2 AUGUST 2008, Page 42

Riotous ride

Simon Hoggart

Athree-part series called Expedition Guyana was hurriedly retitled Lost Land of the Jaguar (BBC1, Wednesday) possibly in the hopes that viewers might think it was a spin-off from Top Gear, more likely because a BBC suit suddenly realised that the name ‘Guyana’ wouldn’t pull in viewers. No doubt someone else wanted to call it Lost Land of the Jaguar Celebrity Makeover, but a compromise was reached.

Thank goodness, because this really was terrific. At first I suspected it would be just another hectic, ‘Hey, gang, follow me into the jungle!’ BBC documentary in which the mere subject takes second place to the breathless presenters. And it started that way. ‘Guyana is the size of Great Britain, and has the population of Liverpool!’ someone enthused, and I thought, ‘What the hell are they doing there?’ But it got much better. For a start, our guides were experts who knew what they were talking about, rather than superannuated soap stars and Blue Peter presenters. The demented eagerness of the true aficionado makes for compelling television, so that when someone burbles excitedly, ‘They’re the biggest otters in the world!’, instead of thinking, ‘Well, some otter has to be’ you actually want to see the things. (They looked much like ordinary otters, only bigger.) ‘Justine is the canopy specialist,’ said someone else, which I misheard as canapé specialist, and imagined her sitting hundreds of feet up a tree, serving howler monkeys and macaws with a selection of mini-caesars and satays with dipping sauce. The star was the oldest member of the team, George McGavin, the entomologist, who crawled into a dead tree looking for insects and came out with so many scarlet bites dotting his back that an astrologer could have told his fortune.
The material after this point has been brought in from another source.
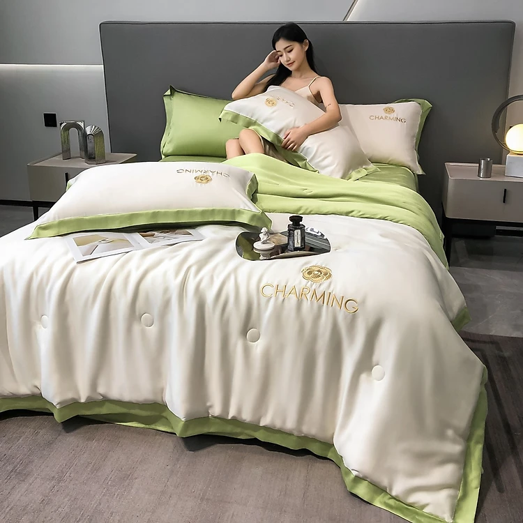 Bộ chăn ga gối phi lụa sang trọng mẫu mới năm 2023

The most exciting scenes came when Steve Backshall lowered himself down the side of the 720ft Kaieteur Falls, and having reached the bottom had to stay there, even though a tropical storm came over. It must be possible to get wetter, but not so very wet for so very long. And we saw a jaguar, if briefly. It is rare for a television critic to want to see the rest of a series, but I’ll certainly watch this.

And the rest of House of Saddam, which also had an unpromising start. By the end of episode one (BBC2, Wednesday) I was hooked. It’s a combination of a soap in the American style (think Dallas and Dynasty — fabulous wealth, gorgeous women, thoroughly evil men) and a Greek tragedy. The fact that when we see Saddam at the height of his evil pomp we have in our minds the frightened old hobo winkled out of his hole, and the tyrant shambling to his botched execution, only heightens our involvement, the sense of horror and pity.

The appeal of J.R. Ewing was that he always went one step further than anyone might imagine. He had to get worse in order to maintain the dramatic momentum. For Saddam to decide that, on balance, he ought not to execute his best friend would be as pointless as J.R. thinking he had been a little harsh on Cliff Barnes. Saddam played out his life as a tragic hero composed of terrible flaws and nothing else; the difference was that the extras in his drama didn’t go home to lick their wounds, but were shot with a single bullet, up against a wall.

There are faults — a little too much clunky filling in of the back story (but then how else could they do it?) and some obvious scenes — Saddam symbolically washing his hands after having all possible rivals murdered — which should have been lost. (It is so easy nowadays — you just punch a few buttons on the computer. You don’t actually have to drop film on the cutting-room floor any more.) But overall this was a very classy production. It might even give some opponents of the war pause for thought.

The Kevin Bishop Show (Channel 4, Friday) is billed as going beyond bad taste, which I suppose it sort of does, though it’s really another TV show about TV for TV fans. A lot of the sketches fell flat, but there were enough that worked to keep me giggling happily: Harry Hill in his doctor days, diagnosing a patient in his comedy persona, an incredibly rude scene about ‘Sir’ Richard Branson, which might console some travellers on his railway, a Health and Safety official running a check on a suicide bomber, and Stephen Hawking as a benefit cheat. We can put up with a lot of rough for a handful of diamonds.